XIII. De las obras antes de la justificación.

Las obras hechas antes de la gracia de Cristo y la inspiración de su Espíritu no


son agradables a Dios, porque no nacen de la fe en Jesucristo, ni hacen a los
hombres dignos de recibir la gracia, ni (según dicen algunos autores
escolásticos) merecen la gracia de congruencia; antes bien, ya que no son hechas
como Dios ha querido y mandado que se hagan, no dudamos que tengan
naturaleza de pecado.

XIV. De las obras de supererogación.

Obras voluntarias no comprendidas en los mandamientos divinos, llamadas


obras de supererogación, no pueden enseñarse sin arrogancia e impiedad;
porque por ellas los hombres declaran que no solamente rinden a Dios todo
cuanto están obligados a hacer, sino que por su causa hacen más de lo que por
deber riguroso les es requerido; pero Cristo claramente dice: "Cuando hayan
hecho todas las cosas que se les han mandado, digan ‘Siervos inútiles somos’ ”.

XV. De Cristo, el único sin pecado.

Cristo en la realidad de nuestra naturaleza fue hecho semejante a nosotros en


todas las cosas excepto en el pecado, del cual fue enteramente exento, tanto en
su carne como en su espíritu. Vino para ser el Cordero sin mancha que, por el
sacrificio de sí mismo una vez hecho, quitase los pecados del mundo; y en él no
hubo pecado (como dice San Juan). Pero nosotros los demás hombres, aunque
bautizados y nacidos de nuevo en Cristo, aún ofendemos en muchas cosas; y, si
decimos que no tenemos pecado, nos engañamos a nosotros mismos. Y la
verdad no está en nosotros.

XVI. Del pecado después del bautismo.

No todo pecado mortal voluntariamente cometido después del bautismo es


pecado contra el Espíritu Santo e irremisible. Por ello, no debe negarse la gracia
del arrepentimiento a los caídos en pecado después del bautismo. Después de
haber recibido el Espíritu Santo, podemos apartarnos de la gracia concedida y
caer en pecado, y por la gracia de Dios levantarnos de nuevo y enmendar
nuestras vidas. Por lo tanto, debe condenarse a los que dicen que ya no pueden
volver a pecar mientras vivan, o que niegan el poder del perdón a los que
verdaderamente se arrepienten.

4
XVII. De la predestinación y elección.

La predestinación a la vida es el eterno propósito de Dio s, quien (antes que


fuesen echados los cimientos del mundo), por su invariable consejo, a nosotros
oculto, decretó librar de maldición y condenación a los que él ha elegido en
Cristo de entre los hombres, y conducirles por Cristo a la salvación eterna, como
a vasos hechos para honrar. Por lo tanto, los que son agraciados con tan
excelente beneficio de Dios son llamados según su propósito por su Espíritu que
obra a debido tiempo; por la gracia obedecen el llamado; son justificados
libremente, son hechos hijo s de Dios por adopción, son hechos a la imagen de
su unigénito Hijo Jesucristo; viven religiosamente en buenas obras y
finalmente, por la misericordia de Dios, llegan a la felicidad eterna.

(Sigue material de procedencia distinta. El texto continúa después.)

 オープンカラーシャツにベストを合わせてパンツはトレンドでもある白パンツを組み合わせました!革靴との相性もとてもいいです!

Así como la consideración piadosa de la predestinación y de nuestra elección en


Cristo está llena de un dulce, agradable e inefable consuelo para las personas
piadosas, que sienten en sí mismas la operación del Espíritu de Cristo,
mortificando las obras de la carne y sus miembros mortales, levantando su
ánimo a las cosas elevadas y celestiales, no sólo porque establece y confirma
grandemente su fe en la salvación eterna que han de gozar por medio de Cristo,
sino porque enciende fervientemente su amor hacia Dios; así también para las
personas indiscretas y carnales a quienes les falta el Espíritu de Cristo, el tener
continuamente delante de sus ojos la sentencia de la predestinación divina es un
precipicio muy peligroso, por el cual el diablo les impele a la desesperación o al
abandono a una vida totalmente impura, no menos peligrosa que la
desesperación.

Además, debemos recibir las promesas de Dios en la forma que nos son
generalmente establecidas en las Sagradas Escrituras, y en nuestros hechos
seguir la divina voluntad que nos ha sido expresamente declarada en la Palabra
de Dios.

XVIII. De obtener la salvación eterna sólo por el Nombre de Cristo.

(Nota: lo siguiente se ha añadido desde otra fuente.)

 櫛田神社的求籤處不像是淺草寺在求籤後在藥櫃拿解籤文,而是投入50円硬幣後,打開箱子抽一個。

Deben, asimismo, ser anatematizados los que se atreven a decir que todo
hombre será salvo por medio de la ley o la secta que profesa, con tal que sea
diligente en conformar su vida con aquella ley y con la luz de la naturaleza;
porque las Sagradas Escrituras nos manifiestan que solamente por el Nombre
de Jesucristo es que han de salvarse los hombres.

XIX. De la Iglesia.

La Iglesia visible de Cristo es una congregación de hombres fieles, en donde se


predica la pura Palabra de Dios, y se administran debidamente los sacramentos
conforme a la institución de Cristo, en todas las cosas que por necesidad se
requieren para los mismos.

Así como la Iglesia de Jerusalén, la de Alejandría y la de Antioquía han errado,


así también ha errado la Iglesia de Roma, no sólo en cuanto a su vida y forma de
ceremonias sino también en asuntos de fe.

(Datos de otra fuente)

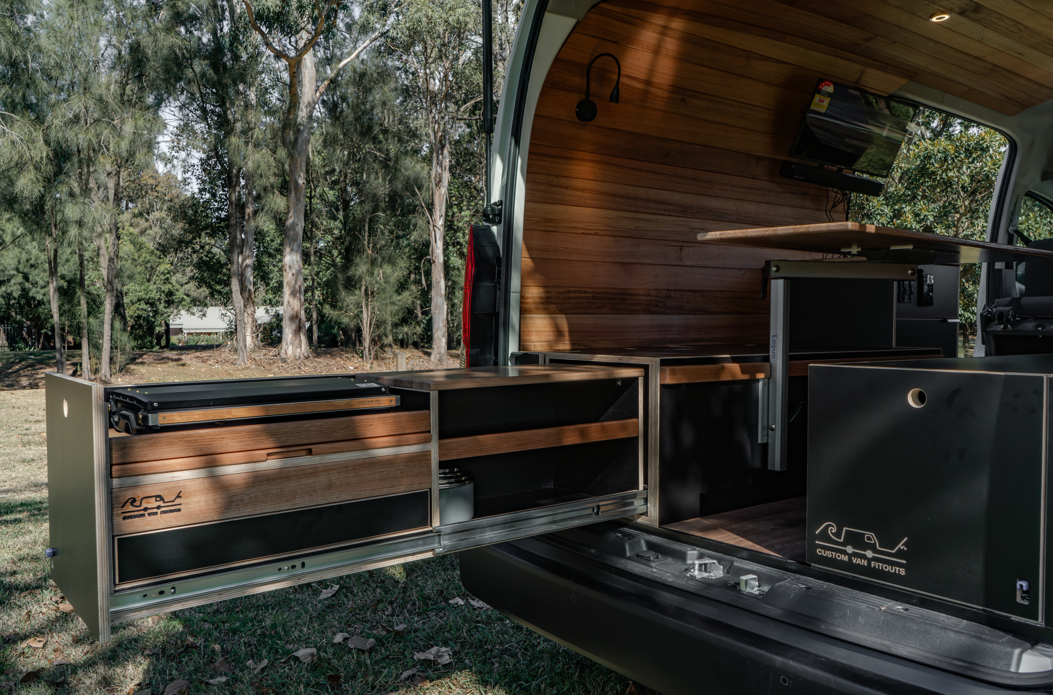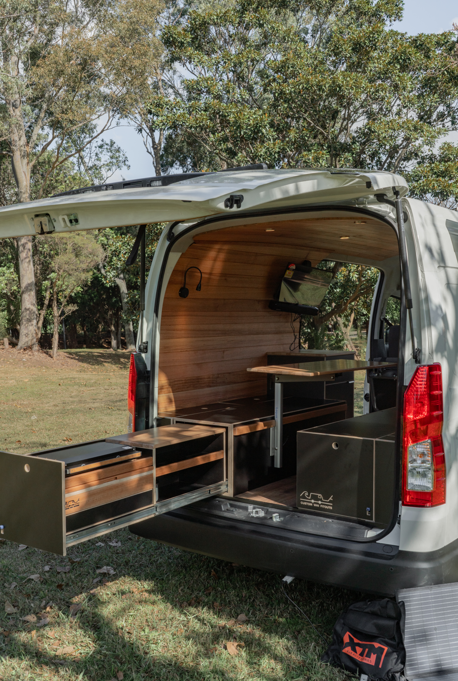 - Tasmanian oak cladding throughout, meticulously crafted to complement the Hiace's elegant curves, resulting in one of our most stunning cladding jobs to date.

XX. De la autoridad de la Iglesia.

5
La Iglesia tiene poder para decretar ritos o ceremonias, y autoridad en las
controversias de fe. Sin embargo, no es lícito que la Iglesia ordene cosa alguna
contraria a la Palabra Divina escrita, ni puede exponer una parte de las
Escrituras de modo que contradiga a otra. Por ello, aunque la Iglesia sea testigo
y custodio de los Libros Sagrados, así como no debe decretar nada en contra de
ellos, así tampoco debe obligar a creer cosa alguna que no se halle en ellos como
requisito para la salvación.

XXI. De la autoridad de los Concilios Generales.

No deben convocarse Concilios Generales sin mandamiento y voluntad de los


príncipes. Y al estar reunidos (ya que son una asamblea de hombres, en la que
no todos son gobernados por el Espíritu y la Palabra de Dios), pueden errar y a
veces han errado, aun en las cosas que son de Dios. Por lo tanto, aquellas cosas
ordenadas por ellos como necesarias para la salvación no tienen fuerza ni
autoridad, salvo que se pueda afirmar que son tomadas de las Sagradas
Escrituras.

XXII. Del Purgatorio.

La doctrina romana concerniente al Purgatorio, indulgencias, veneración y


adoración, así como a las imágenes y reliquias, y la invocación de los santos es
una cosa fatua, vanamente inventada, que no se funda sobre ningún testimonio
de las Escrituras, más bien repugna a la Palabra de Dios.

XXIII. Del ministerio a la congregación.

No es lícito a hombre alguno tomar sobre sí el oficio de la predicación pública o


de la administración de los sacramentos a la congregación, sin ser antes
legítimamente llamado y enviado a ejecutarlo; y debemos considerar legalmente
llamados y enviados a los que son escogidos y llamados a esta obra por los
hombres que tienen autoridad pública, concedida en la congregación, para
llamar y enviar ministros a la viña del Señor.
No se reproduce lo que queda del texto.